**Problem**
Only some lines are wanted. Transcribe, exactly, the lines below from the line with "Sepatu Docmart Wanita" up to and including the line with "Футболка свободного силуэта.".

=== Data ===

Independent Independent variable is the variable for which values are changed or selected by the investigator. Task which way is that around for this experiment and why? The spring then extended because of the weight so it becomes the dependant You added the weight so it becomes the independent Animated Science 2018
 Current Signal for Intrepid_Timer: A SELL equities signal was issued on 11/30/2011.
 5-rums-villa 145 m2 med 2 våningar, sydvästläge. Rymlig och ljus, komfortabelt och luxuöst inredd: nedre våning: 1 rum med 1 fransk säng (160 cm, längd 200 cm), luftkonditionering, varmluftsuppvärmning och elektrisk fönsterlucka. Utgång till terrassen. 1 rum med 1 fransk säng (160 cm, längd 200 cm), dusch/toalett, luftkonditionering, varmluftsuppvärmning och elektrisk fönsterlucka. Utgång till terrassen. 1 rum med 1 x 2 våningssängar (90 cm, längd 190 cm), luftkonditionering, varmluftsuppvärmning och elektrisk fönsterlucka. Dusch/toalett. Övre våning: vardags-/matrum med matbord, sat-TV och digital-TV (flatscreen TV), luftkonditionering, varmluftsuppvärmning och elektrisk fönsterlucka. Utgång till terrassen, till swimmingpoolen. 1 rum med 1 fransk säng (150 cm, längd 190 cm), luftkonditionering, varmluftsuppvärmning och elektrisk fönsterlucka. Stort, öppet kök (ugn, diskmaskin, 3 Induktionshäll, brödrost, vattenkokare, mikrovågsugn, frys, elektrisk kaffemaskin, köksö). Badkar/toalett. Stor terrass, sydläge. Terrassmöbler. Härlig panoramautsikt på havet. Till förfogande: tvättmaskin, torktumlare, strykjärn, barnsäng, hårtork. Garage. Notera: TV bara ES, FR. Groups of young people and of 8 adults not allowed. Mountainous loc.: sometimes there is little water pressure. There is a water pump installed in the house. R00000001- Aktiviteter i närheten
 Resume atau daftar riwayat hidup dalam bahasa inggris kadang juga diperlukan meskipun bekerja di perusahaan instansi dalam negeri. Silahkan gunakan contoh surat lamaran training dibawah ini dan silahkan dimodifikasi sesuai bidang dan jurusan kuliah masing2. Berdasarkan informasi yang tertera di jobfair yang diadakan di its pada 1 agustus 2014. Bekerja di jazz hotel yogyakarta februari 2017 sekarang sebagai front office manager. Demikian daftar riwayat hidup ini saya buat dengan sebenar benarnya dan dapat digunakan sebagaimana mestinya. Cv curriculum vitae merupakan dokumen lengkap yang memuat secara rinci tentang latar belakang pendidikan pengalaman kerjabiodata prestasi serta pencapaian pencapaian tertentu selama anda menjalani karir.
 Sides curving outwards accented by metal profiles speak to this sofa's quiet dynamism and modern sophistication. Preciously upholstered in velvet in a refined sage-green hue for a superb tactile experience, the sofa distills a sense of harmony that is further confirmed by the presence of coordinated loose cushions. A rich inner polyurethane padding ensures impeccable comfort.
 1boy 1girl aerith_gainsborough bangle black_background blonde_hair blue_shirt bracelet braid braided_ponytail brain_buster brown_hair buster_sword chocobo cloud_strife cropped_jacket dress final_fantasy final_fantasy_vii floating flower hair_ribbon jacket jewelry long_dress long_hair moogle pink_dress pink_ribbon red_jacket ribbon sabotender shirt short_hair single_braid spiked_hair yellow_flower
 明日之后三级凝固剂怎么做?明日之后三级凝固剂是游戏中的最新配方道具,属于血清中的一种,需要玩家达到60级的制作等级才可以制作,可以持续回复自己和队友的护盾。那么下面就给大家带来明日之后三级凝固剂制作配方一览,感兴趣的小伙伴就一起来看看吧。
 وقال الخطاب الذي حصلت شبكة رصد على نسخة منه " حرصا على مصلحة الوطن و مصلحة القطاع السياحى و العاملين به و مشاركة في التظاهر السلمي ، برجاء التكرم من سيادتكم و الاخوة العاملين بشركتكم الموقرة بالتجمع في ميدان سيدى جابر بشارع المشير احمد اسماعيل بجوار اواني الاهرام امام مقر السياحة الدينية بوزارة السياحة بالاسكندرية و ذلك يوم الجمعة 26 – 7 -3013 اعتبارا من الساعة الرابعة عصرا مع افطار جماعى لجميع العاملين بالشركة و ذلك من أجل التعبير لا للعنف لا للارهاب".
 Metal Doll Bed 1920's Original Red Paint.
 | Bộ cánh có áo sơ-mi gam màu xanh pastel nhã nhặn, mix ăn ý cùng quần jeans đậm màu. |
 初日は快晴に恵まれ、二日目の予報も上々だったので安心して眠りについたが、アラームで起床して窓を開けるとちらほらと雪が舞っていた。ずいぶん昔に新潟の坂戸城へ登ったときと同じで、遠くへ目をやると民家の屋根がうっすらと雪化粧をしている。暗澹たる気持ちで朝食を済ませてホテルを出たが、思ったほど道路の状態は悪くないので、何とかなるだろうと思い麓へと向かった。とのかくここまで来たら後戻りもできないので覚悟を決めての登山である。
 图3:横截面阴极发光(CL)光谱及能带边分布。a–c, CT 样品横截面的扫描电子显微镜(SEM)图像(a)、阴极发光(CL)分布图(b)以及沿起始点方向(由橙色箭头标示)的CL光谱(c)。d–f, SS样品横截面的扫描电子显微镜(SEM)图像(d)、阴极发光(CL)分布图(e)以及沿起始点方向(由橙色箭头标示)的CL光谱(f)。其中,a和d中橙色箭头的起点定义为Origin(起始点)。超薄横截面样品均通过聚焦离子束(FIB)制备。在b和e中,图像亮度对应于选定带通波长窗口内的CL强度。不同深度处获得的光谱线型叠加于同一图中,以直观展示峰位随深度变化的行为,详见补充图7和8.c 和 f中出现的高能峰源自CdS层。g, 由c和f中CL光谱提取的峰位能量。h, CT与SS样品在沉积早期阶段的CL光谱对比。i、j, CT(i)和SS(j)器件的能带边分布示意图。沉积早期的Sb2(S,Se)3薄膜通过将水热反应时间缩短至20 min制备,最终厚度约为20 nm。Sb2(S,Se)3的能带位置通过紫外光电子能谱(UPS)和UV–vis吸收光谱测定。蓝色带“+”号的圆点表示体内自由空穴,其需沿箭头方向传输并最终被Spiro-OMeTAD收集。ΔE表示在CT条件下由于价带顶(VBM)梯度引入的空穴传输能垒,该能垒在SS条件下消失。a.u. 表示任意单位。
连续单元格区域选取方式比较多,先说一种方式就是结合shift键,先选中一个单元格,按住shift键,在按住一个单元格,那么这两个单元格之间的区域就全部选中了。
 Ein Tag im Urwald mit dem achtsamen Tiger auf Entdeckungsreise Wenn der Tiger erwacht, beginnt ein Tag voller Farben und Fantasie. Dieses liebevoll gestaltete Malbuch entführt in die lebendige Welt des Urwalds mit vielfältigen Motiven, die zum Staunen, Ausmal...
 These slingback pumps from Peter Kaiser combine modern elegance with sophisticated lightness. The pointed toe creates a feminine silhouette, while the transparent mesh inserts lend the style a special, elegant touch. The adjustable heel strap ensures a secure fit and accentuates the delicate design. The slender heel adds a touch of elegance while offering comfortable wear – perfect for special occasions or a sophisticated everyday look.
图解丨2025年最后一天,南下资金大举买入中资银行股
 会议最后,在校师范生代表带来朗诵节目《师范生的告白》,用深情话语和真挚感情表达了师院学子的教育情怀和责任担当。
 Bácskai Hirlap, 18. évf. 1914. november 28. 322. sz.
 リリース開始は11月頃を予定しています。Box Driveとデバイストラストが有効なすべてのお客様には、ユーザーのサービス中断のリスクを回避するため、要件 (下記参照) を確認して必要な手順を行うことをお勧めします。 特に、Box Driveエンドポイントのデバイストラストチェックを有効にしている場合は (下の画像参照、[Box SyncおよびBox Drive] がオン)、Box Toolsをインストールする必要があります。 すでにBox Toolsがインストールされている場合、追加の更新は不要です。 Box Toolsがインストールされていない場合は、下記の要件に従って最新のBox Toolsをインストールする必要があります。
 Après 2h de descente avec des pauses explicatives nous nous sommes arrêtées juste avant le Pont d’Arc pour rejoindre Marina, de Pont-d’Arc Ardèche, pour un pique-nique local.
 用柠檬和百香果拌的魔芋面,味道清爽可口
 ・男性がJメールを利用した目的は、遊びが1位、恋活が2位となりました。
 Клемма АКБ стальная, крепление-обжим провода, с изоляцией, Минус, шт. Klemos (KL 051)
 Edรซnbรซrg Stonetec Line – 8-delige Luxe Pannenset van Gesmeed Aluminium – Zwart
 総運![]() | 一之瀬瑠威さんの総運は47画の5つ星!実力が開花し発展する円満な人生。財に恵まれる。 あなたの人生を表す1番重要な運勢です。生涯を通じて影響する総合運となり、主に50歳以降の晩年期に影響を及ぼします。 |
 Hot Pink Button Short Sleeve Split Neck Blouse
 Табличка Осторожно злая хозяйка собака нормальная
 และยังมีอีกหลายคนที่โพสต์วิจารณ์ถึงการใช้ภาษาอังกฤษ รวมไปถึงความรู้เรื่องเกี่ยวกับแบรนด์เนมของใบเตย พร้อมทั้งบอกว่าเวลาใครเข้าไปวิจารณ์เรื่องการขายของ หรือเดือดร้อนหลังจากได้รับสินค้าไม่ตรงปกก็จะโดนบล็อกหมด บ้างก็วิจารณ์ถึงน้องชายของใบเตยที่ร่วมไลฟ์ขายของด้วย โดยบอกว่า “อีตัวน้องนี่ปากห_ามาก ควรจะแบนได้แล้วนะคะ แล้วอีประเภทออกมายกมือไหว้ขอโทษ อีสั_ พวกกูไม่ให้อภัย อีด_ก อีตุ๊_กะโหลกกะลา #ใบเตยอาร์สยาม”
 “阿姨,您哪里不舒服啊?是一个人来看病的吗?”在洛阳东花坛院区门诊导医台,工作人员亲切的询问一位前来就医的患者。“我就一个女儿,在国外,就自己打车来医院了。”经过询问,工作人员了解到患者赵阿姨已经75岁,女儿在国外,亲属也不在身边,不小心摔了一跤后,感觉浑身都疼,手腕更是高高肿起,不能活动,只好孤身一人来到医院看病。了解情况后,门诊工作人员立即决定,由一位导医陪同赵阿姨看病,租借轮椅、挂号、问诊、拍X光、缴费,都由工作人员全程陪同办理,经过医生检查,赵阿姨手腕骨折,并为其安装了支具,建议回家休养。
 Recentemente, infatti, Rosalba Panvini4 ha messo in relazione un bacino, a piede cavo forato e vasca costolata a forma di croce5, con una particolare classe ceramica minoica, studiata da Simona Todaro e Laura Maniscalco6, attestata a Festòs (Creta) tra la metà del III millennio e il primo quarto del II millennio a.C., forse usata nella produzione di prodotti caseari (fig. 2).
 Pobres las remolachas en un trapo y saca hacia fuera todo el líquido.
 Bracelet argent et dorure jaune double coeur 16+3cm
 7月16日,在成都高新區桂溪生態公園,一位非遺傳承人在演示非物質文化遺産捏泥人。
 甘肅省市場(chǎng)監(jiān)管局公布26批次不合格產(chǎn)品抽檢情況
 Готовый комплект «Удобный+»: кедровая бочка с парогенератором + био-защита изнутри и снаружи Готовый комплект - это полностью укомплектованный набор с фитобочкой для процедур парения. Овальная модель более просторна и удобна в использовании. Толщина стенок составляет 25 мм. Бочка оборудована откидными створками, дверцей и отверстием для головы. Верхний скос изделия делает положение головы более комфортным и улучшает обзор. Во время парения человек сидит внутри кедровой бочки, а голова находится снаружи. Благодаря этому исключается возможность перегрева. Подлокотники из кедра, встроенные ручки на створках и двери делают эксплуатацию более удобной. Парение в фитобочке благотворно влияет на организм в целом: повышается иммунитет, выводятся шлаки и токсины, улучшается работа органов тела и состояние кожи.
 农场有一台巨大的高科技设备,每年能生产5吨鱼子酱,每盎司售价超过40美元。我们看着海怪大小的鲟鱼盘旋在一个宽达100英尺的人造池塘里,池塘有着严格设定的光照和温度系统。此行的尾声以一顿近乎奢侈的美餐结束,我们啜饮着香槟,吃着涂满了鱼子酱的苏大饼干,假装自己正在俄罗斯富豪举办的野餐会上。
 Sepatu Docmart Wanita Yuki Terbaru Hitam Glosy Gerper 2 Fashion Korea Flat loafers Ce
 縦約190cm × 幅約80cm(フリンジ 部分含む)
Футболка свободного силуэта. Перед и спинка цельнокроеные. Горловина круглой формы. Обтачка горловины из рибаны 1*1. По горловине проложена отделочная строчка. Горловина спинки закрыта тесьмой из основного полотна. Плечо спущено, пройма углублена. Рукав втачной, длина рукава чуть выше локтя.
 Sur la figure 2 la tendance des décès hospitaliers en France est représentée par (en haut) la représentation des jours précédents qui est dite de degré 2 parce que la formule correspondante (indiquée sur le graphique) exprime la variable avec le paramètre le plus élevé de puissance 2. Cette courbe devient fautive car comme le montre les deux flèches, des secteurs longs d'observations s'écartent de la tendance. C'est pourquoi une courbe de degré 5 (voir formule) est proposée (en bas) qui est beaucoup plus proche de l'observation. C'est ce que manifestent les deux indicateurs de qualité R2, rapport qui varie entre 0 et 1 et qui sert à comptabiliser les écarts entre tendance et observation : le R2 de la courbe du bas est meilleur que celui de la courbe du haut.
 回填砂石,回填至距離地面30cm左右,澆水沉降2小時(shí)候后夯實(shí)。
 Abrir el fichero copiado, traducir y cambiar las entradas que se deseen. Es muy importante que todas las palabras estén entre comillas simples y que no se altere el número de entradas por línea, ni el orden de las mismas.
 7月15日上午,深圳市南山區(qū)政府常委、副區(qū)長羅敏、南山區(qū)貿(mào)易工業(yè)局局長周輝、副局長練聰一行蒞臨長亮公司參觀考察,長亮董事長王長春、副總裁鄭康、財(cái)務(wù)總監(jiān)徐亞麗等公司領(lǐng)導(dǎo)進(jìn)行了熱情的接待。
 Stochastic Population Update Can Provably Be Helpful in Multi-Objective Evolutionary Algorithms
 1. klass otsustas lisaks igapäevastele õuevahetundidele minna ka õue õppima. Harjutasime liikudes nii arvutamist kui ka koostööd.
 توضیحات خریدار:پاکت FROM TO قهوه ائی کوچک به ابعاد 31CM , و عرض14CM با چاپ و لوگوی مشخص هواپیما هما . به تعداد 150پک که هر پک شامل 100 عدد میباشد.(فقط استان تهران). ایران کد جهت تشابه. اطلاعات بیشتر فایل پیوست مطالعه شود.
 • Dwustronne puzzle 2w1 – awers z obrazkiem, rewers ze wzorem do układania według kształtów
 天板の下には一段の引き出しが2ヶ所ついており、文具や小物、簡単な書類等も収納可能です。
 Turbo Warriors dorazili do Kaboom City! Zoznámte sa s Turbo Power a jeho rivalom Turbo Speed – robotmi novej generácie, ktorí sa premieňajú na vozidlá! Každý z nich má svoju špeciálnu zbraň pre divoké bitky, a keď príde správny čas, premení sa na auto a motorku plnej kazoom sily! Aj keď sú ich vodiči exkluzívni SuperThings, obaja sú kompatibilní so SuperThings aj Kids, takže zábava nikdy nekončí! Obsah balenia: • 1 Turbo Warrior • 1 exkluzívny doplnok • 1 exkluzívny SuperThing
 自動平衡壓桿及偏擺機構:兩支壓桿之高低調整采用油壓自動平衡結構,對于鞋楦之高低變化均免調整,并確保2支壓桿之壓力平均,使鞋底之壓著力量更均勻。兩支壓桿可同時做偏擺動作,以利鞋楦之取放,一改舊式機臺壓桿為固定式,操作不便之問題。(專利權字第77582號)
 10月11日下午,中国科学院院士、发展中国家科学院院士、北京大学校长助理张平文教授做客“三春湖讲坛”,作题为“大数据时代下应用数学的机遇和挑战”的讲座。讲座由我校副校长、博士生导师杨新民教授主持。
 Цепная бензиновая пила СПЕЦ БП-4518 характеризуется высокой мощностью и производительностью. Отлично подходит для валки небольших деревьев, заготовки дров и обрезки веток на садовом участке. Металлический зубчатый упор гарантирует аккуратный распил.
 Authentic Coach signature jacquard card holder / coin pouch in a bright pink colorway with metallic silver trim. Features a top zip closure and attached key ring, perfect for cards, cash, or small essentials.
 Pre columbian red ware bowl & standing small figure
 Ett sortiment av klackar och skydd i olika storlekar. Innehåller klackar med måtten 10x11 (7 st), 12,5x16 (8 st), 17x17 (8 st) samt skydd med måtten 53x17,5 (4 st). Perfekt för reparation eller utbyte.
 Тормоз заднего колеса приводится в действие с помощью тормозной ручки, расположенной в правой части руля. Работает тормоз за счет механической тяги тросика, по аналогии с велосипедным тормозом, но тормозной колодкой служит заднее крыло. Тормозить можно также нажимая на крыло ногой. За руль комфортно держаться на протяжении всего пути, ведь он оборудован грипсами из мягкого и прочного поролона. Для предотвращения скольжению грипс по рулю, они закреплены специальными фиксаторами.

===

**Reply**
 Sepatu Docmart Wanita Yuki Terbaru Hitam Glosy Gerper 2 Fashion Korea Flat loafers Ce
 縦約190cm × 幅約80cm(フリンジ 部分含む)
Футболка свободного силуэта. Перед и спинка цельнокроеные. Горловина круглой формы. Обтачка горловины из рибаны 1*1. По горловине проложена отделочная строчка. Горловина спинки закрыта тесьмой из основного полотна. Плечо спущено, пройма углублена. Рукав втачной, длина рукава чуть выше локтя.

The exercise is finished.